Перспектива бродить по тайге кружила голову. Но расстаться с Любой?
- Выхода нет, милый мой, - твердо и печально сказала она. - С
лесоповала уже не вырвешься. А геологи расконвоированы, живут за зоной. Из
Чибью ты всегда можешь прибежать меня навестить - всего два километра. -
Она с усилием, неловко улыбнулась.
Но как мне было решиться? Я все изыскивал разные предлоги, не давал
Бредихину ответа. Не только хотелось продлить горькое наше счастье, но было
суеверно страшно оставлять Любу, как-никак живущую с сознанием, что она не
одна, есть под боком родная душа. Но одно происшествие побудило меня внять
голосу благоразумия.
Экспедитор Сангородка, лицо всемогущее, попался, по-лагерному -
погорел на подделке документов, присваивании денег и посылок заключенных.
Его увезли в центральный изолятор, и все считали, что мошеннику не
выпутаться. И были ошеломлены, когда через короткое время он вернулся -
следствие прекратили, и поганца восстановили на прежней должности!
Он обходил контору и самодовольно, как бы ожидая поздравлений и
одобрения, протягивал всем руку. Изо всех, не исключая простоватого начфина
Семенова, один я оставил его руку висеть в воздухе, демонстративно заведя
свою за спину. Он переменился в лице. Сипло выматерившись, триумфатор вышел
с угрозами в адрес чистоплюя, брезгующего честным оклеветанным пролетарием.
Этой донкихотской выходкой я нажил себе опасного врага.
Экспедитор вскоре получил повышение - стал зав-складом и все сулил
проучить меня на всю жизнь: "Будет помнить, как оскорблять Марка
Семеновича!" И когда в моем департаменте произошло ЧП - с кассы была
сорвана печать, - мне сразу шепнули, откуда направлен удар. Меня спас на
этот раз счастливый случай: кто-то спугнул грабителей, и сейф остался цел.
Я помнил судьбу Воейкова на Соловках. И решил не искушать свою.
В эти последние свои дни в Сангородке я запасся впечатлениями,
язвящими меня до сих пор.
...Жарко, как бывает на Севере в начале лета, когда солнце круглые
сутки не заходит за небосклон. В окошечке вахты - прилепившегося у ворот
зоны бревенчатого домика - нудно звенят комары, и по стеклу упрямо ползают
серые от пыли слепни- Они будут искать выхода, пока не погибнут от жажды.

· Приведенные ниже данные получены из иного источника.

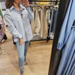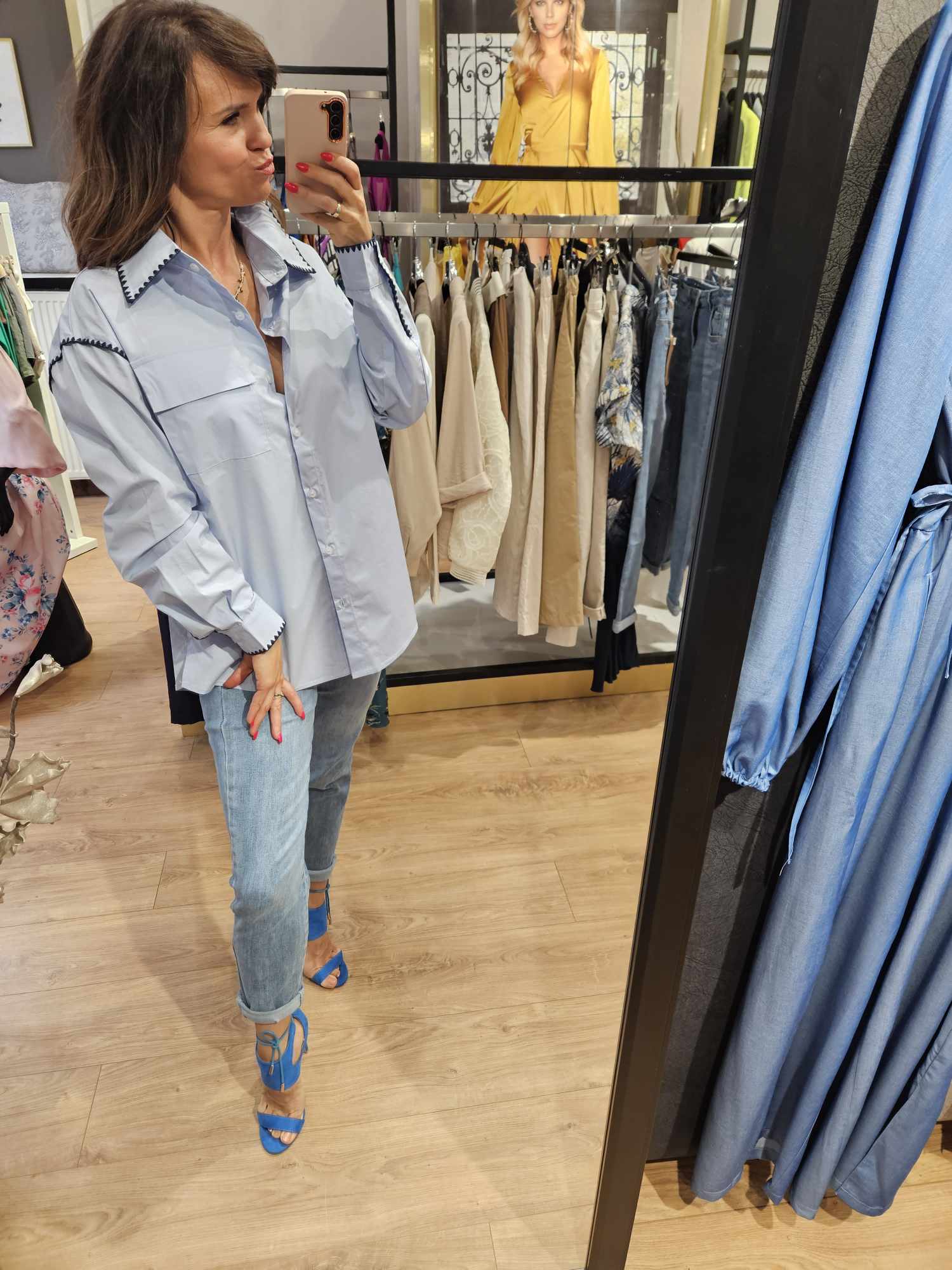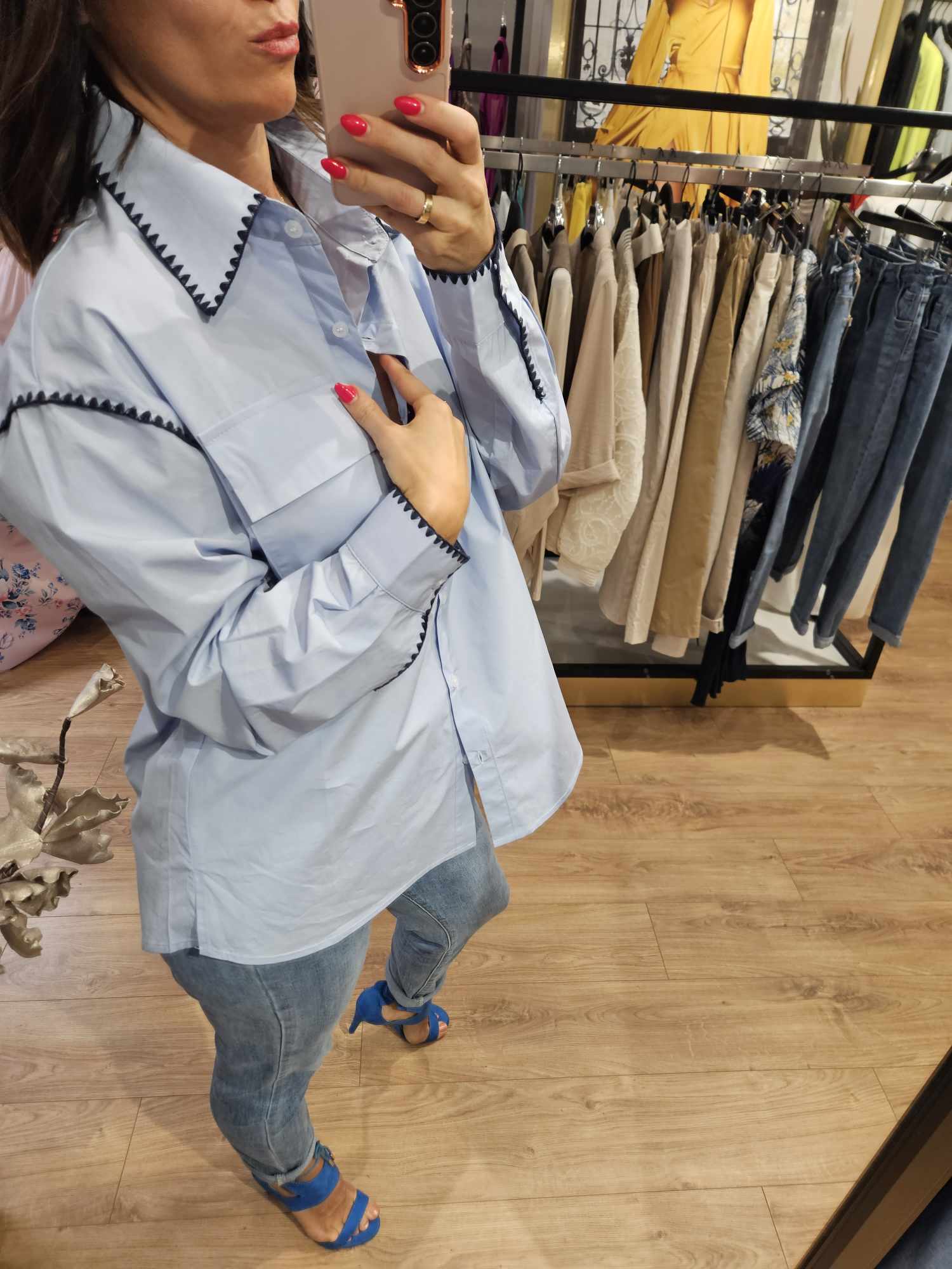 Niebieska koszula bawełniana z pięknym dekoracyjnymi haftem w kolorze granatu na mankietach, ramieniu i kołnierzyku. Rozmiar M/L. Skład 100% bawełna.

Дежурному вахтеру они надоели до смерти. Дотянуться, чтобы их
передавить, лень, да и новые скоро наберутся. Впрочем, у него есть занятие.
Он макает перо в пузырек с чернилами и, остыскав на исчирканных листках
потрепанной книжки пропусков свободное место, выводит свою подпись. Пишет
старательно, навалившись грудью на стол, сопя и высовывая кончик языка.
Пухлые пальцы крепко сжимают тонкую ручку у самого пера, а росчерка, какого
хочется, не получается... С. Хряков... С. Хряков... С. Хряков...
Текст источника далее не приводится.